In New York, gay divorce is recognized because gay marriage is recognized, but that’s not the case everywhere. In Florida, for example, where gay marriage is not legal, same-sex couples who have married in another state are reliant on the discretion of judges. “What I’ve been seeing,” says Schwartz, “are people who’ve said, ‘Wow, is it possible for me to divorce without having to move to that state [where they were married] and get residency?’ And when there’s fighting over kids and assets—if you’re not in a state that recognizes same-sex marriage, there’s no alimony. You have to count on the generosity of your ex.”
The Pop Up Chapel website still bears the engagement photo in which Katie’s lips are pressed to Des’ cheek. “They’ve accumulated quite the furry family, but also look forward to meeting the children they’ve named and have yet to conceive. All in all, they complete each other, and they think that’s pretty awesome,” reads the accompanying text. Des is quoted, “I know we’ve already started a life together, but I can’t wait to be able to call her my wife.”

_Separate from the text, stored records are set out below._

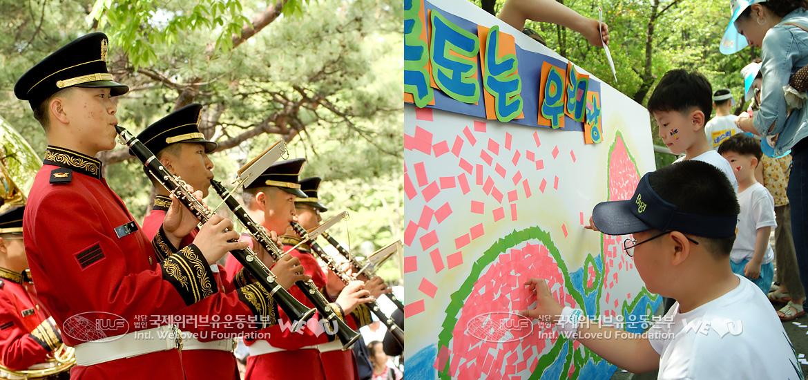 대회 도착지점인 백범광장에서는 수도방위사령부의 군악대가 경쾌한 연주로 가족들을 맞아주었습니다. 참가자들은 준비해 간 점심 도시락을 먹으며 가족 간에 오붓한 시간을 보냈습니다. 페이스페인팅으로 한껏 멋을 내고, 무료로 나눠주는 솜사탕과 풍선을 받아든 아이들은 ‘방귀대장 뿡뿡이’ 같은 캐릭터 인형과 사진을 찍거나 또래끼리 어울려 뛰놀며 마치 어린이날처럼 신나는 하루를 보냈습니다.
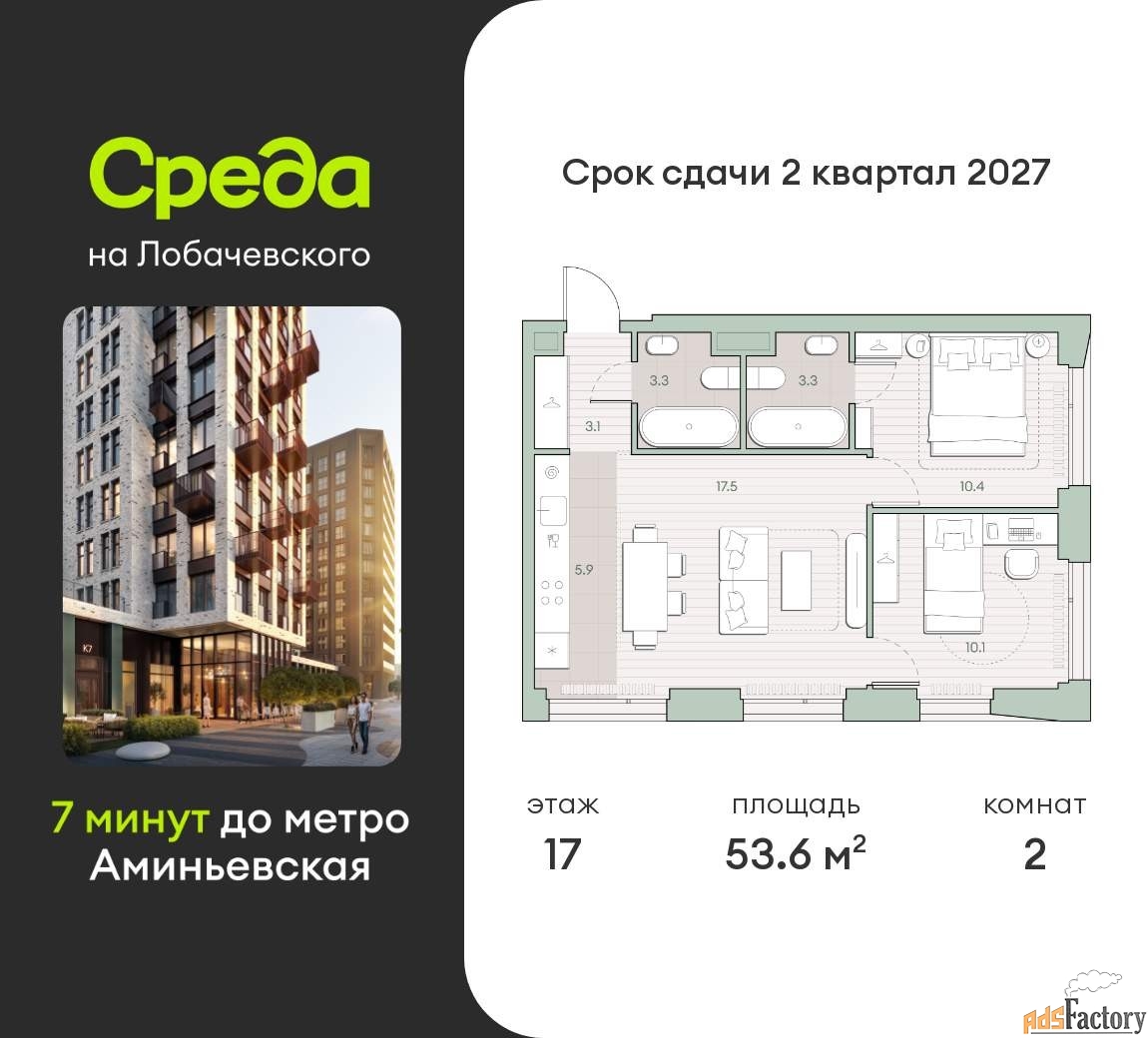 Квартира располагается на 17 этаже 27-этажного дома в ЖК Среда на Лобачевского.
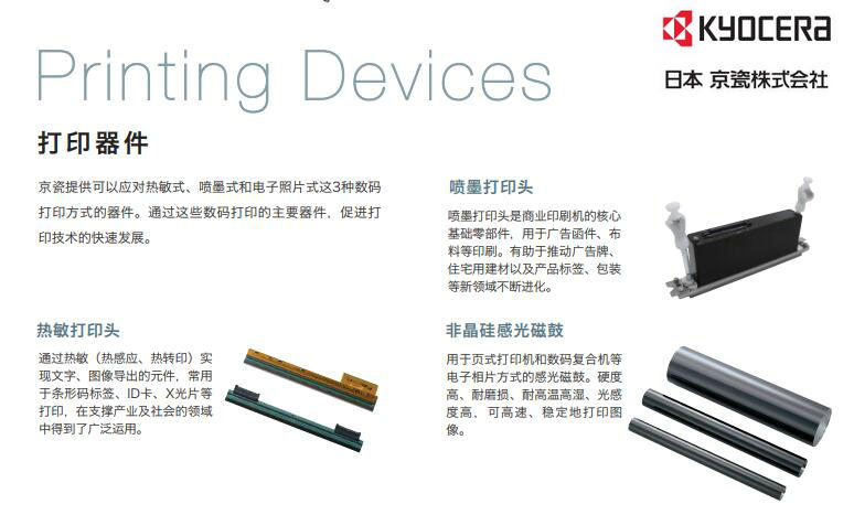 1959年創立的日本京都陶瓷(後簡稱“京瓷”),主打產品是燒製品中的IC用陶瓷封裝。發展到現在,京瓷集團已深入到信息通信、汽車、節能環保、醫療保健等市場,完善了原料、零部件、元件、機器、係統和服務整個供應鏈。京瓷生產的噴墨打印噴頭也是91抖音在线观看行業的知名品牌。
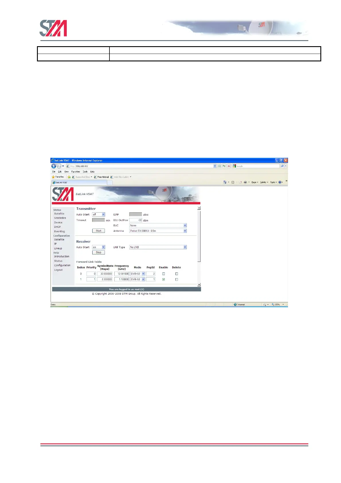 The STM SatLink VSAT is normally pre-configured to be used together with the STM SatLink 403x
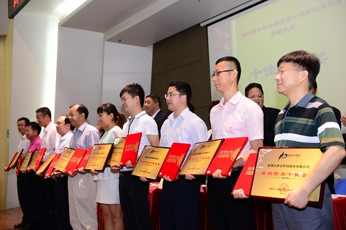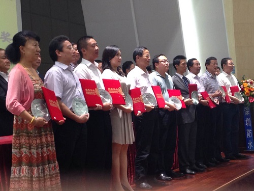 秦紹元秘書(shu) 長宣讀表彰決(jue) 定。大會(hui) 分別向深圳卓寶、深圳科順、深圳新黑豹、深圳藍盾、東(dong) 方雨虹、深圳先泰、深圳朗邁、深圳耐克、廣州台實、深圳弘深10家企業(ye) 頒發了“深圳防水十佳企業(ye) 獎”;向童祖元、鄒先華、王榮柱、方勇、楊浩成、傅淑娟、劉單博、王萬(wan) 和、任紹誌、杜昕10位企業(ye) 家頒發了“深圳防水十佳企業(ye) 家獎”;向陳少波、王瑩、朱國梁、易舉(ju) 、趙岩、戴爾仁、李澤武、吳碧橋、杜劍、石偉(wei) 國10位專(zhuan) 家頒發“深圳防水優(you) 秀專(zhuan) 家獎”;向鄭曉生、瞿培華、張道真、何克文、區國雄、秦紹元6位專(zhuan) 家頒發“深圳防水傑出貢獻獎”。這些獎項既是對這些優(you) 秀企業(ye) 、企業(ye) 家和專(zhuan) 家的肯定,又記載了深圳防水十年來的成長。
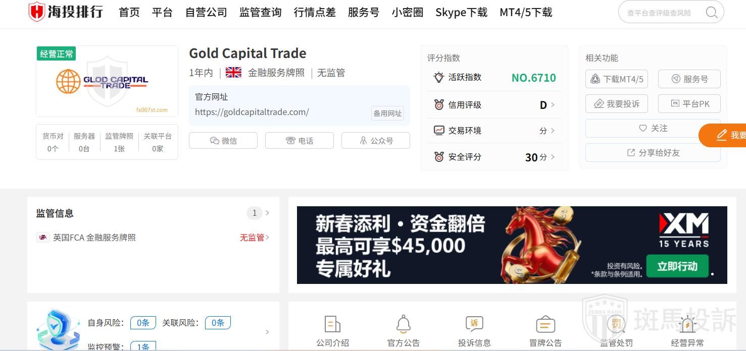 Gold Capital Trade平台目前在斑马投诉未收到相关投诉。
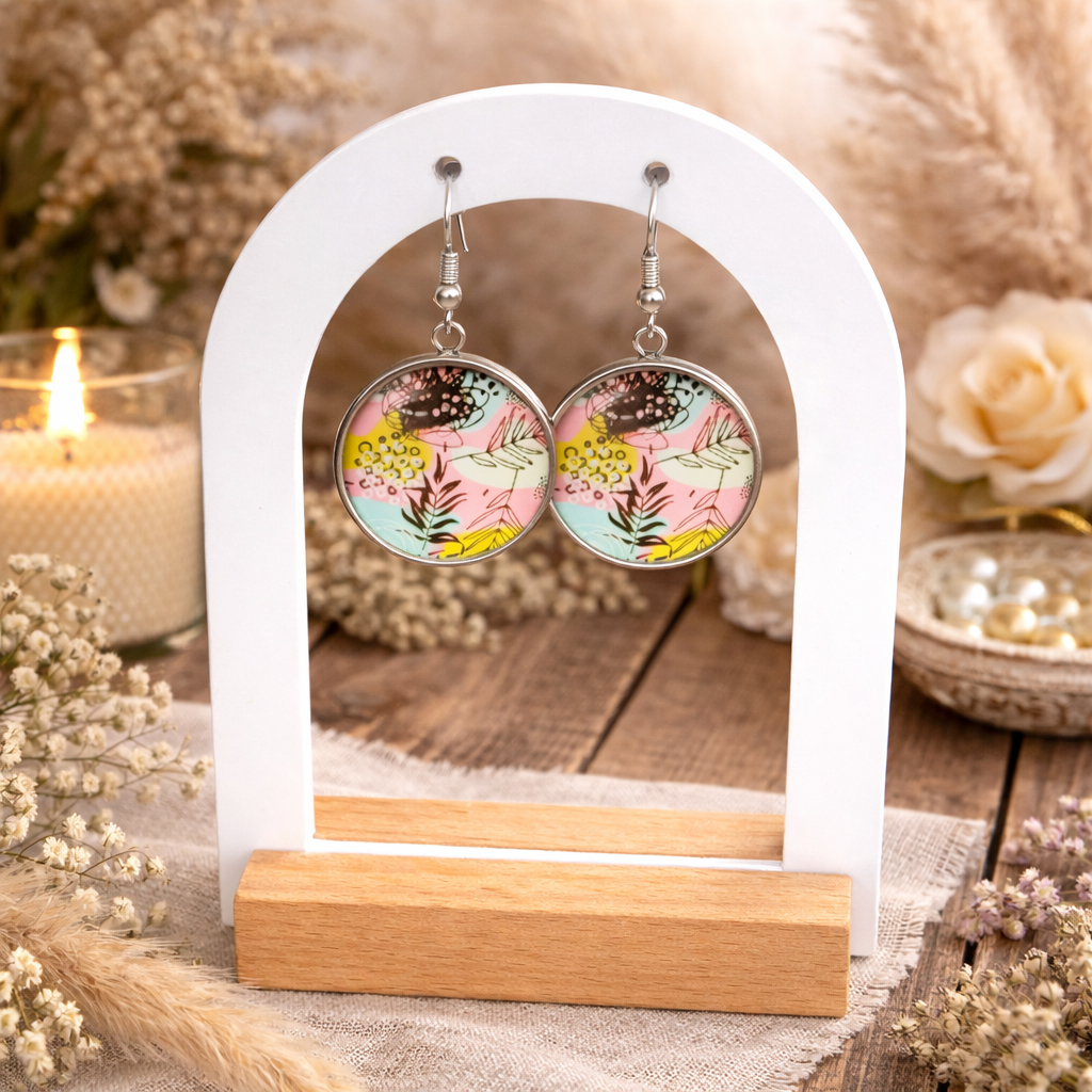 ✨ Boucles d’oreilles cabochon illustré – Motif végétal bohème

They’d gone to middle school and high school together, but went their separate ways before reconnecting on MySpace in 2008. On July 24, the first day that New York clerks issued marriage licenses to same-sex couples, Des and Katie picked theirs up at the City Clerk’s Office in downtown Manhattan. “Couples were getting married and coming out of the courthouse, and there were musicians playing. I got chills every time a couple came out,” Des told me when I met with her at a bar in SoHo, her mood more somber than the festive events she remembered, or, for that matter, as I remember. At the time, I was covering New York’s first same-sex marriages for the Village Voice. I’d spoken to Des about how excited she was to be married. You could hear it in her voice. The New York wedding would be the “no-stress” one, Des told me then, to be followed by the bigger formal ceremony in Boston. There would be cupcakes. The couple seemed giddy, thrilled, and very publicly in love.
That Saturday, July 30, their wedding day, Des says now, was the kind of whirlwind any bride speaks of. “It went by so fast. We got our hair done, we got our makeup done. We changed, we went to Central Park. We forgot to eat, so we went to Whole Foods, and we’re like, We’re eating at Whole Foods and we’re about to get married. It was surreal. I was so excited.”